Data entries
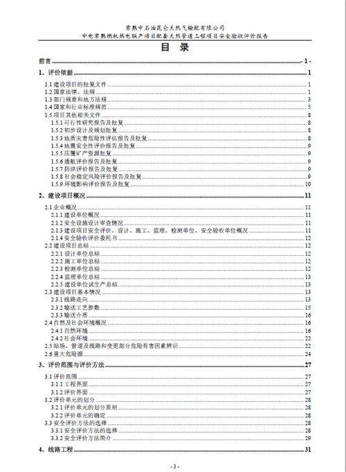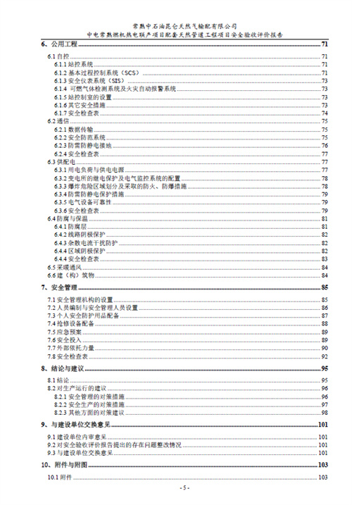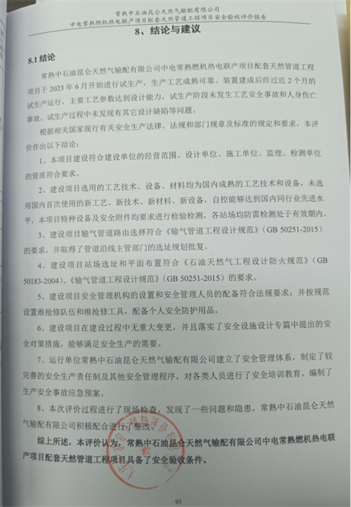 常熟中石油昆侖天然氣輸配有限公司中電常熟燃機熱電聯產項目配套天然管道工程項目安全設施竣工驗收評價報告 |
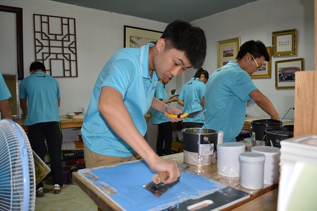 非常高兴能够来到TASSANI塔萨尼中国进行实习。起初还有点紧张会适应不了这里的学习和生活,但是公司的职员都非常热情的迎接我们,为我们解决生活上遇到的困难,让我很快的适应了这个陌生的环境。由于我们来实习的人数比较多,公司将我们分配到几个部门里进行轮岗学习。在几周的轮岗中我了解到油性、水性以及乳胶漆的应用,颜色的调配,并且还深入地进行液态壁纸的制作,对漆料的滚涂、拍花、擦色、印花有了更进一步的熟练。
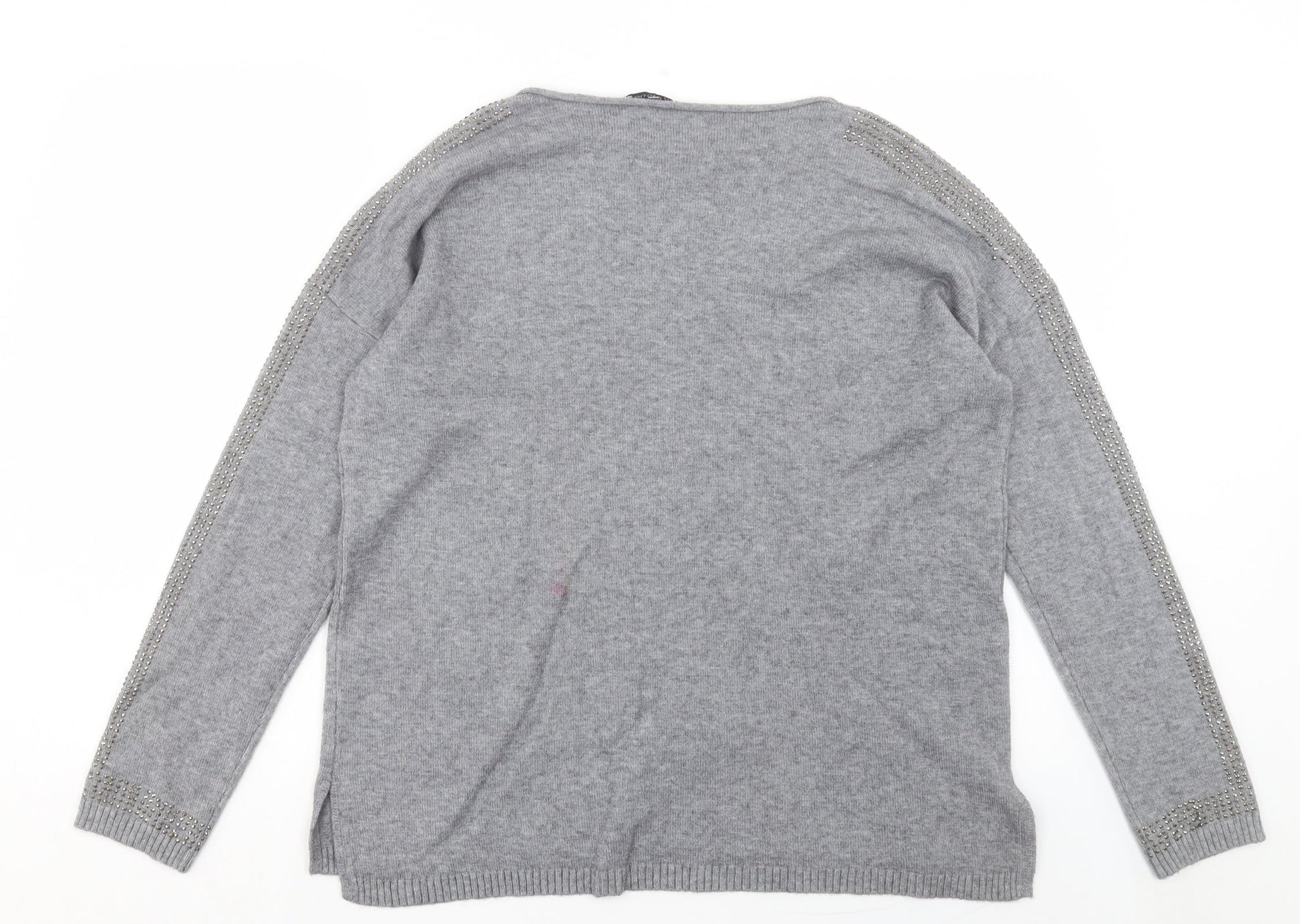 LV Clothing Womens Grey Crew Neck Viscose Pullover Jumper Size L
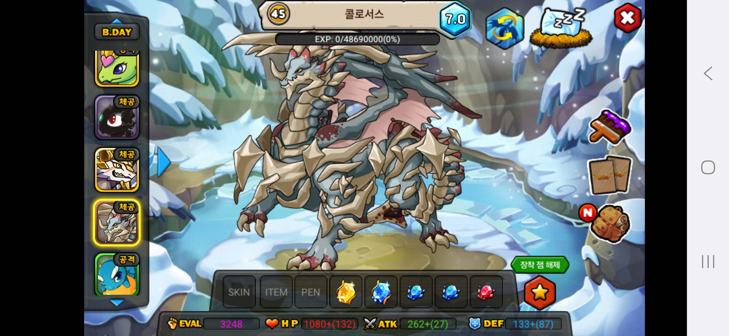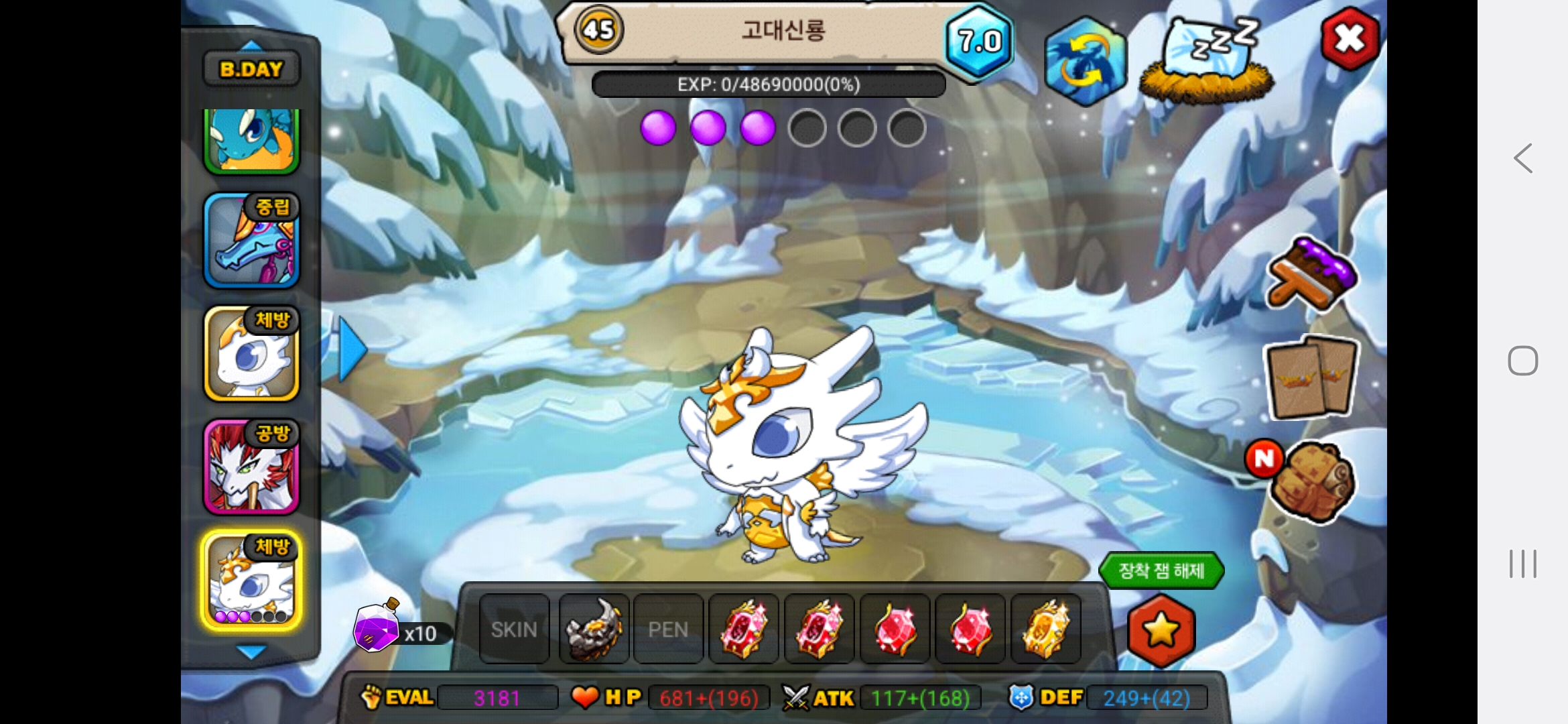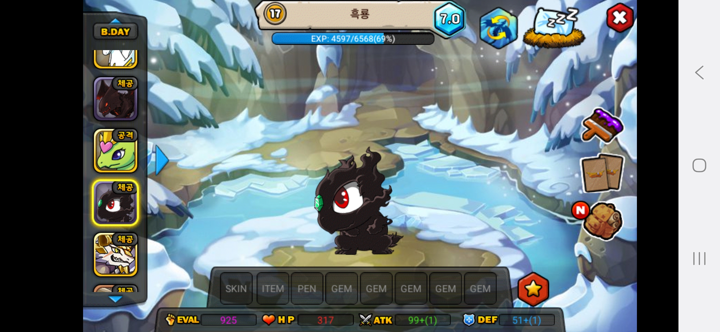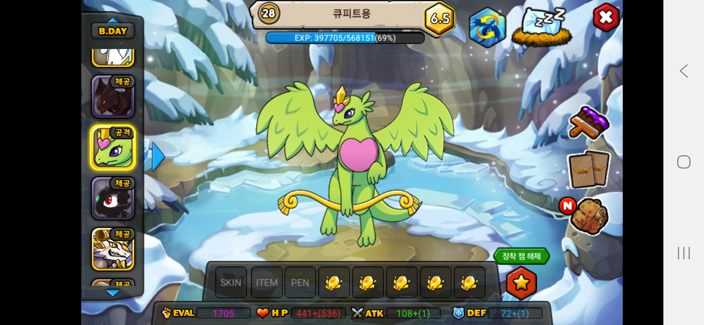 올해아직생일이 2월생이라 생일안지나서 25이죠 아직 하하저는 용들 다평등하게 예뻐합니다.다만 고대신룡을 전 계정에서 진각성시킨것을 전화번호바꿔서 계정날려서 그런것을 후회합니다.그래서 고대신룡에게 애정과 관심을 더주고싶은건사실입니다.흑룡을 키웠을때는 지금처럼 노력과 피와땀이 안보여서 키우는데 재미가없고 자본으로 승부하는맛밖에 안보이다보니 키우는게 재미가없더라고요 그래서 흑룡한테는 관심이 덜가고 걱정이덜되는게사실입니다. 고대신룡은 제첫 각성드래곤이기도 하고 그래서 예쁩니다.하지만,그래도 저는 흑룡,고대신룡,포메쿨,청룡,엔젤드래곤,엔젤드래곤,엔젤드래곤,엔젤드래곤,청룡,메라크,즈믄,콜로서스,다크닉스,
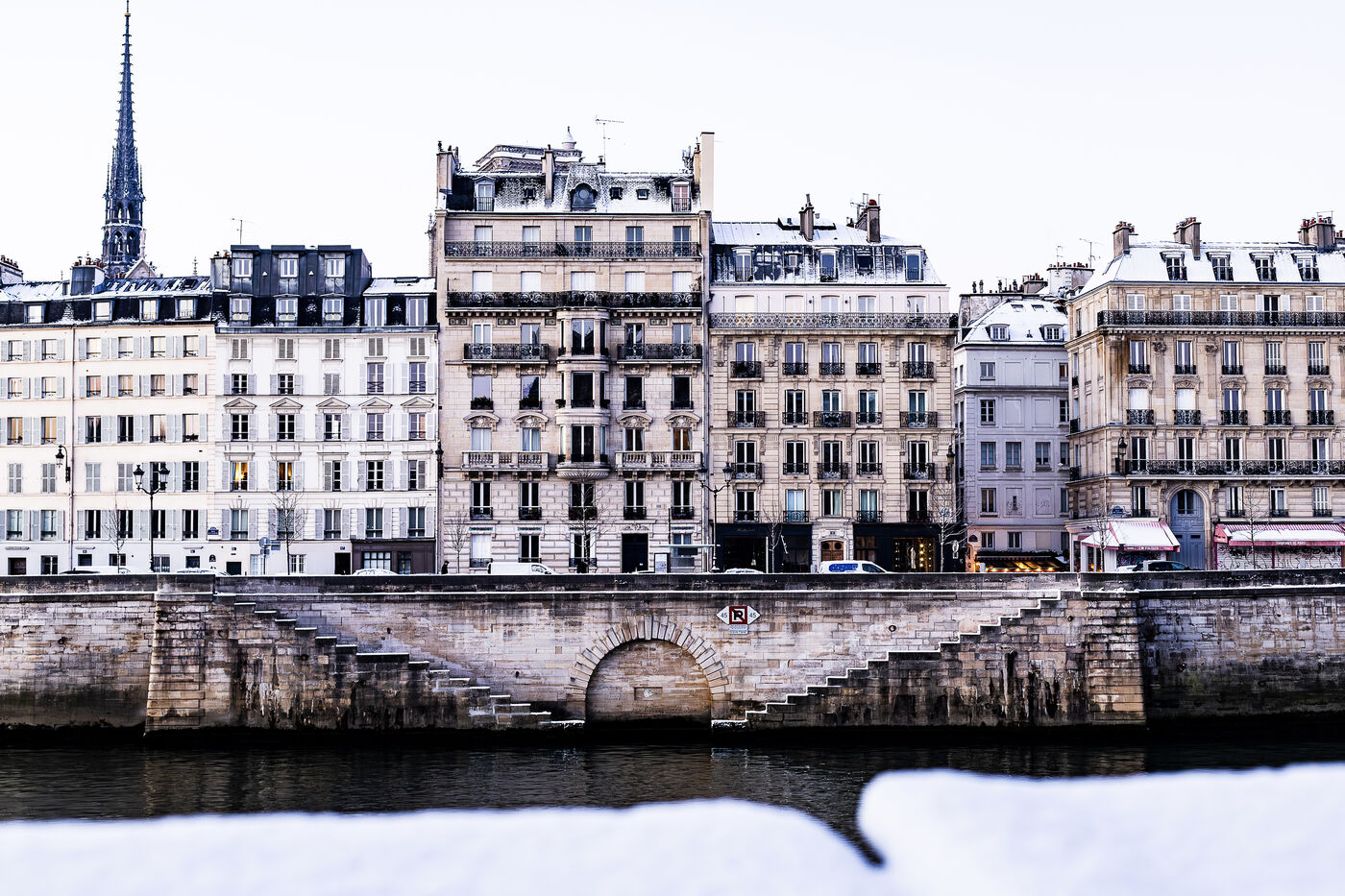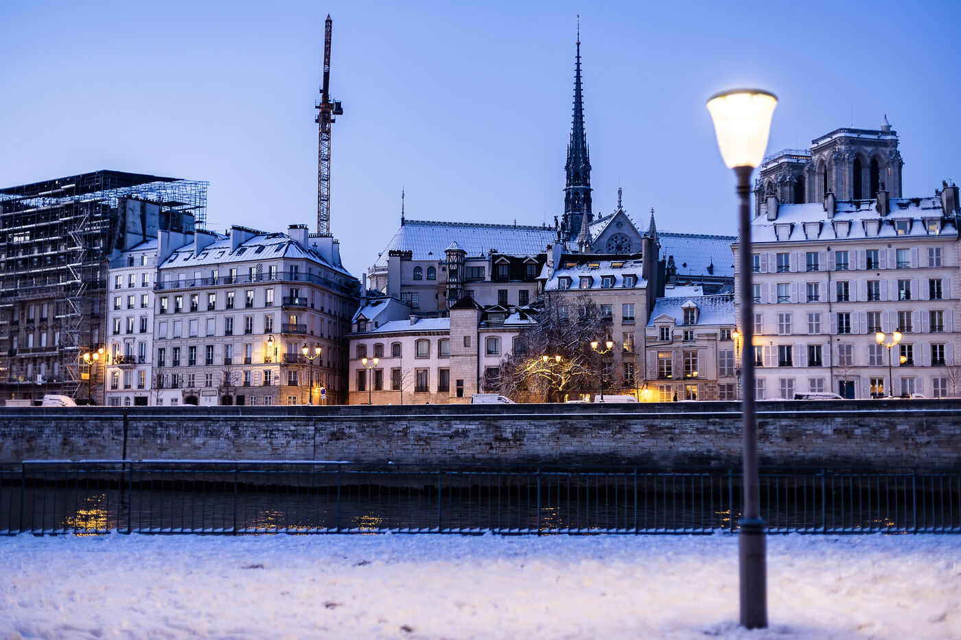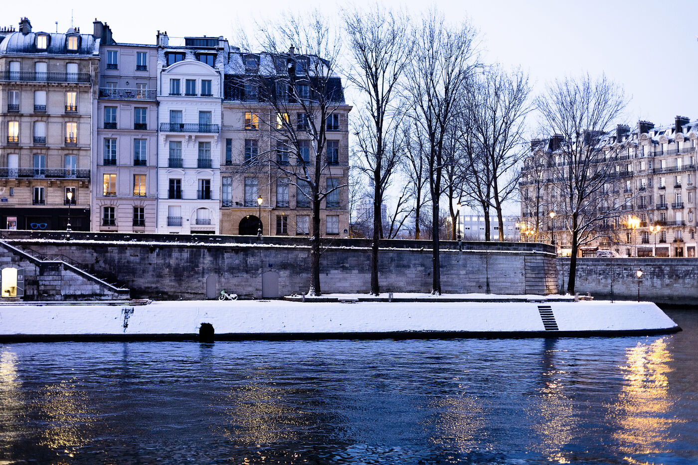 La journée du 6 janvier est marquée par la persistance de la neige tombée la veille sur Paris. Dans une ville qui se réveille enneigée, les Parcs publics sont fermés. Reste les berges de Seine et les vues extérieures aux allures de cartes postales touristiques.
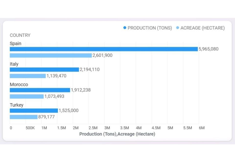 - اسپانیا: اسپانیا بزرگترین تولیدکننده و صادرکننده زیتون و روغن زیتون در جهان است. اسپانیا در سال ۲۰۲۰، حدود ۶ میلیون تن زیتون و حدود ۱.۴ میلیون تن روغن زیتون تولید کرده است. اسپانیا به کشورهای مختلفی از جمله آمریکا، ایتالیا، فرانسه، پرتغال و ژاپن زیتون و روغن زیتون صادر میکند.
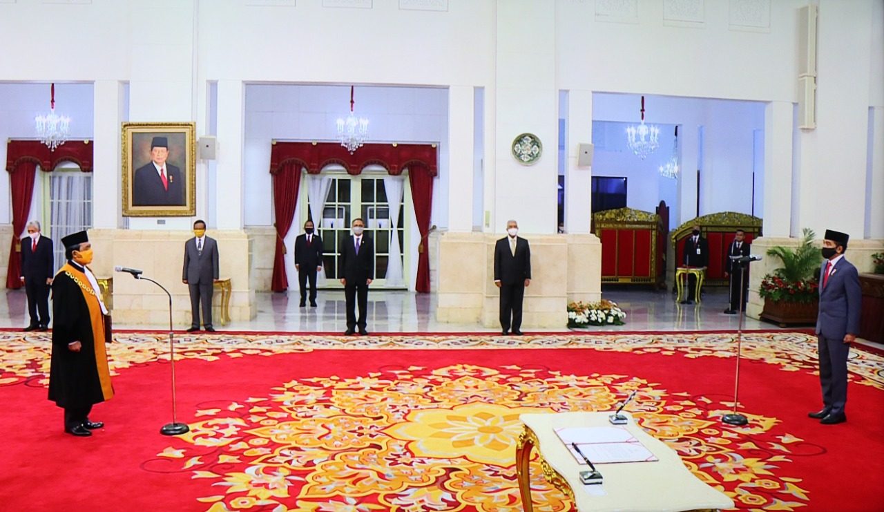Jakarta – Humas: Dr. H. Muhammad Syarifuddin, SH., MH. mengucapkan sumpah sebagai Ketua Mahkamah Agung Republik Indonesia di hadapan Presiden Republik Indonesia Joko Widodo pada Kamis, 30 April 2020 pukul 9.30 WIB, di Istana Negara, Jakarta. Pengucapan sumpah ini menandakan bahwa Dr. Syarifuddin kini resmi menjadi Ketua Mahkamah Agung Periode 2020-2025. Hakim Agung kelahiran Baturaja ini menggantikan posisi Prof. Dr. M. Hatta Ali, SH., MH., yang telah memasuki masa pensiun. Pelaksanaan pengucapan sumpah ini berdasarkan Surat Keputusan Presiden Republik Indonesia No: 41/P Tahun 2020 tentang Pemberhentian dan Pengangkatan Ketua Mahkamah Agung.
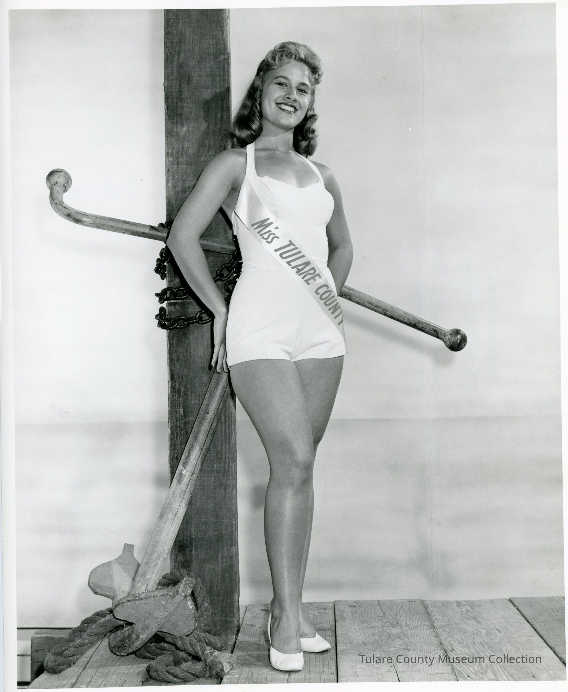 Professional portrait of a young woman in a bathing suit posing against a large wooden pole with an anchor strapped to it. Attached to her bathing suit is a Miss Tulare County sash. Her curled hair is half pinned up. Her hands are placed behind her back as she stands contrapposto. She looks into the camera and smiles.Lexicon
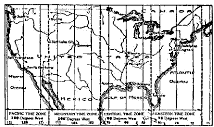 This innovation grew out of the confusion which existed in railroad time-tables before its introduction. Where several railroads entered a city, each had its clocks set to a standard of its own, and in addition, the people in that city had their own local time. Sometimes the clock on one railway station varied half an hour from that of another railroad company, and both pointed to a different time from the timepiece on the city hall. It was therefore suggested that if the country be divided into time zones, each about fifteen degrees of longitude in width (this being the distance the sun travels in one hour), and all the clocks in each division set to one uniform time, gauged by a meridian located in the center of its time zone, the difficulty would be overcome. Accordingly, America was divided into four such zones by three imaginary lines, as illustrated in the diagram:

• [EXERCISE BRIEF] Pictures aside, reproduce every record exactly as it stands.

• [OUTPUT OF THE TASK]
 常熟中石油昆侖天然氣輸配有限公司中電常熟燃機熱電聯產項目配套天然管道工程項目安全設施竣工驗收評價報告 |
 非常高兴能够来到TASSANI塔萨尼中国进行实习。起初还有点紧张会适应不了这里的学习和生活,但是公司的职员都非常热情的迎接我们,为我们解决生活上遇到的困难,让我很快的适应了这个陌生的环境。由于我们来实习的人数比较多,公司将我们分配到几个部门里进行轮岗学习。在几周的轮岗中我了解到油性、水性以及乳胶漆的应用,颜色的调配,并且还深入地进行液态壁纸的制作,对漆料的滚涂、拍花、擦色、印花有了更进一步的熟练。
 LV Clothing Womens Grey Crew Neck Viscose Pullover Jumper Size L
 올해아직생일이 2월생이라 생일안지나서 25이죠 아직 하하저는 용들 다평등하게 예뻐합니다.다만 고대신룡을 전 계정에서 진각성시킨것을 전화번호바꿔서 계정날려서 그런것을 후회합니다.그래서 고대신룡에게 애정과 관심을 더주고싶은건사실입니다.흑룡을 키웠을때는 지금처럼 노력과 피와땀이 안보여서 키우는데 재미가없고 자본으로 승부하는맛밖에 안보이다보니 키우는게 재미가없더라고요 그래서 흑룡한테는 관심이 덜가고 걱정이덜되는게사실입니다. 고대신룡은 제첫 각성드래곤이기도 하고 그래서 예쁩니다.하지만,그래도 저는 흑룡,고대신룡,포메쿨,청룡,엔젤드래곤,엔젤드래곤,엔젤드래곤,엔젤드래곤,청룡,메라크,즈믄,콜로서스,다크닉스,
 La journée du 6 janvier est marquée par la persistance de la neige tombée la veille sur Paris. Dans une ville qui se réveille enneigée, les Parcs publics sont fermés. Reste les berges de Seine et les vues extérieures aux allures de cartes postales touristiques.
 - اسپانیا: اسپانیا بزرگترین تولیدکننده و صادرکننده زیتون و روغن زیتون در جهان است. اسپانیا در سال ۲۰۲۰، حدود ۶ میلیون تن زیتون و حدود ۱.۴ میلیون تن روغن زیتون تولید کرده است. اسپانیا به کشورهای مختلفی از جمله آمریکا، ایتالیا، فرانسه، پرتغال و ژاپن زیتون و روغن زیتون صادر میکند.
Jakarta – Humas: Dr. H. Muhammad Syarifuddin, SH., MH. mengucapkan sumpah sebagai Ketua Mahkamah Agung Republik Indonesia di hadapan Presiden Republik Indonesia Joko Widodo pada Kamis, 30 April 2020 pukul 9.30 WIB, di Istana Negara, Jakarta. Pengucapan sumpah ini menandakan bahwa Dr. Syarifuddin kini resmi menjadi Ketua Mahkamah Agung Periode 2020-2025. Hakim Agung kelahiran Baturaja ini menggantikan posisi Prof. Dr. M. Hatta Ali, SH., MH., yang telah memasuki masa pensiun. Pelaksanaan pengucapan sumpah ini berdasarkan Surat Keputusan Presiden Republik Indonesia No: 41/P Tahun 2020 tentang Pemberhentian dan Pengangkatan Ketua Mahkamah Agung.
 Professional portrait of a young woman in a bathing suit posing against a large wooden pole with an anchor strapped to it. Attached to her bathing suit is a Miss Tulare County sash. Her curled hair is half pinned up. Her hands are placed behind her back as she stands contrapposto. She looks into the camera and smiles.Lexicon
 This innovation grew out of the confusion which existed in railroad time-tables before its introduction. Where several railroads entered a city, each had its clocks set to a standard of its own, and in addition, the people in that city had their own local time. Sometimes the clock on one railway station varied half an hour from that of another railroad company, and both pointed to a different time from the timepiece on the city hall. It was therefore suggested that if the country be divided into time zones, each about fifteen degrees of longitude in width (this being the distance the sun travels in one hour), and all the clocks in each division set to one uniform time, gauged by a meridian located in the center of its time zone, the difficulty would be overcome. Accordingly, America was divided into four such zones by three imaginary lines, as illustrated in the diagram:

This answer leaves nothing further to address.